____ MATERIAL FOR THIS TASK

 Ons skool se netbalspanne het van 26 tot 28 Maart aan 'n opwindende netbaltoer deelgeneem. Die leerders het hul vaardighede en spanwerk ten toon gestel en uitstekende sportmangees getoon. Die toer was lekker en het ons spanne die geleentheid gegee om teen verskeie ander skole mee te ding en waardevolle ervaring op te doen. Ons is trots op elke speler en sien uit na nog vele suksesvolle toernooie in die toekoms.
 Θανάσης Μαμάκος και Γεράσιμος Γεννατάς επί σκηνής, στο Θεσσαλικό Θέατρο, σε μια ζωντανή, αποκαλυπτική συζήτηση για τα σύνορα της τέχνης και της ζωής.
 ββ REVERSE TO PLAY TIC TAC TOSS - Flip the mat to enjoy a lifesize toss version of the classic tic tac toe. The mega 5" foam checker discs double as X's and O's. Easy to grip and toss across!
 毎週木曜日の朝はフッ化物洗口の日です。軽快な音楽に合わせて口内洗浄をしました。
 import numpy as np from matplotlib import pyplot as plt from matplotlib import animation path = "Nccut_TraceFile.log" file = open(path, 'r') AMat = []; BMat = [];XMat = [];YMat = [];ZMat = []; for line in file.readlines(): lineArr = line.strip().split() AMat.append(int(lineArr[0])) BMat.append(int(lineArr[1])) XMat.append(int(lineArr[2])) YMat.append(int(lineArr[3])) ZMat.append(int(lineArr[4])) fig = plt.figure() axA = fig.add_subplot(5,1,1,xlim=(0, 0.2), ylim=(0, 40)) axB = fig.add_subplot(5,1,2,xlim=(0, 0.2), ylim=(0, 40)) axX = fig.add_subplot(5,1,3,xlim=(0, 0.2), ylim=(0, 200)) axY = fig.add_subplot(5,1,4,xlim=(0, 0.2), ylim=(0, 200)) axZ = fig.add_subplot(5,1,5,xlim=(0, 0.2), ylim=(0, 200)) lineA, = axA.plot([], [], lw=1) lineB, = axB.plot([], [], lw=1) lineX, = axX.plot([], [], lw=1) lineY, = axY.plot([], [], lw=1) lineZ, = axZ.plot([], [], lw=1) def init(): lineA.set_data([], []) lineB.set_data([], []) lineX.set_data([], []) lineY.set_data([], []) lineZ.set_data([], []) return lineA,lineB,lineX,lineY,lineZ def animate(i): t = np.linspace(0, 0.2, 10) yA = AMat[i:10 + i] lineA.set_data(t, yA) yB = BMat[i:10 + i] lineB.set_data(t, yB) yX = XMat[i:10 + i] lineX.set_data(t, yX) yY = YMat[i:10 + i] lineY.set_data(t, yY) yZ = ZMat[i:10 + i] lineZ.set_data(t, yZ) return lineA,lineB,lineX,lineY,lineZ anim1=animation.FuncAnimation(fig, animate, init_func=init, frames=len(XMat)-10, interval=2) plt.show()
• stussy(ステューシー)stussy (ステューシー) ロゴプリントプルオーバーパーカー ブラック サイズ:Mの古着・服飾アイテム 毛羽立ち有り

________

Your answer must be the line holding "ββ REVERSE TO" and every later line of the entries above, written out exactly, and nothing else.

 ββ REVERSE TO PLAY TIC TAC TOSS - Flip the mat to enjoy a lifesize toss version of the classic tic tac toe. The mega 5" foam checker discs double as X's and O's. Easy to grip and toss across!
 毎週木曜日の朝はフッ化物洗口の日です。軽快な音楽に合わせて口内洗浄をしました。
 import numpy as np from matplotlib import pyplot as plt from matplotlib import animation path = "Nccut_TraceFile.log" file = open(path, 'r') AMat = []; BMat = [];XMat = [];YMat = [];ZMat = []; for line in file.readlines(): lineArr = line.strip().split() AMat.append(int(lineArr[0])) BMat.append(int(lineArr[1])) XMat.append(int(lineArr[2])) YMat.append(int(lineArr[3])) ZMat.append(int(lineArr[4])) fig = plt.figure() axA = fig.add_subplot(5,1,1,xlim=(0, 0.2), ylim=(0, 40)) axB = fig.add_subplot(5,1,2,xlim=(0, 0.2), ylim=(0, 40)) axX = fig.add_subplot(5,1,3,xlim=(0, 0.2), ylim=(0, 200)) axY = fig.add_subplot(5,1,4,xlim=(0, 0.2), ylim=(0, 200)) axZ = fig.add_subplot(5,1,5,xlim=(0, 0.2), ylim=(0, 200)) lineA, = axA.plot([], [], lw=1) lineB, = axB.plot([], [], lw=1) lineX, = axX.plot([], [], lw=1) lineY, = axY.plot([], [], lw=1) lineZ, = axZ.plot([], [], lw=1) def init(): lineA.set_data([], []) lineB.set_data([], []) lineX.set_data([], []) lineY.set_data([], []) lineZ.set_data([], []) return lineA,lineB,lineX,lineY,lineZ def animate(i): t = np.linspace(0, 0.2, 10) yA = AMat[i:10 + i] lineA.set_data(t, yA) yB = BMat[i:10 + i] lineB.set_data(t, yB) yX = XMat[i:10 + i] lineX.set_data(t, yX) yY = YMat[i:10 + i] lineY.set_data(t, yY) yZ = ZMat[i:10 + i] lineZ.set_data(t, yZ) return lineA,lineB,lineX,lineY,lineZ anim1=animation.FuncAnimation(fig, animate, init_func=init, frames=len(XMat)-10, interval=2) plt.show()
• stussy(ステューシー)stussy (ステューシー) ロゴプリントプルオーバーパーカー ブラック サイズ:Mの古着・服飾アイテム 毛羽立ち有り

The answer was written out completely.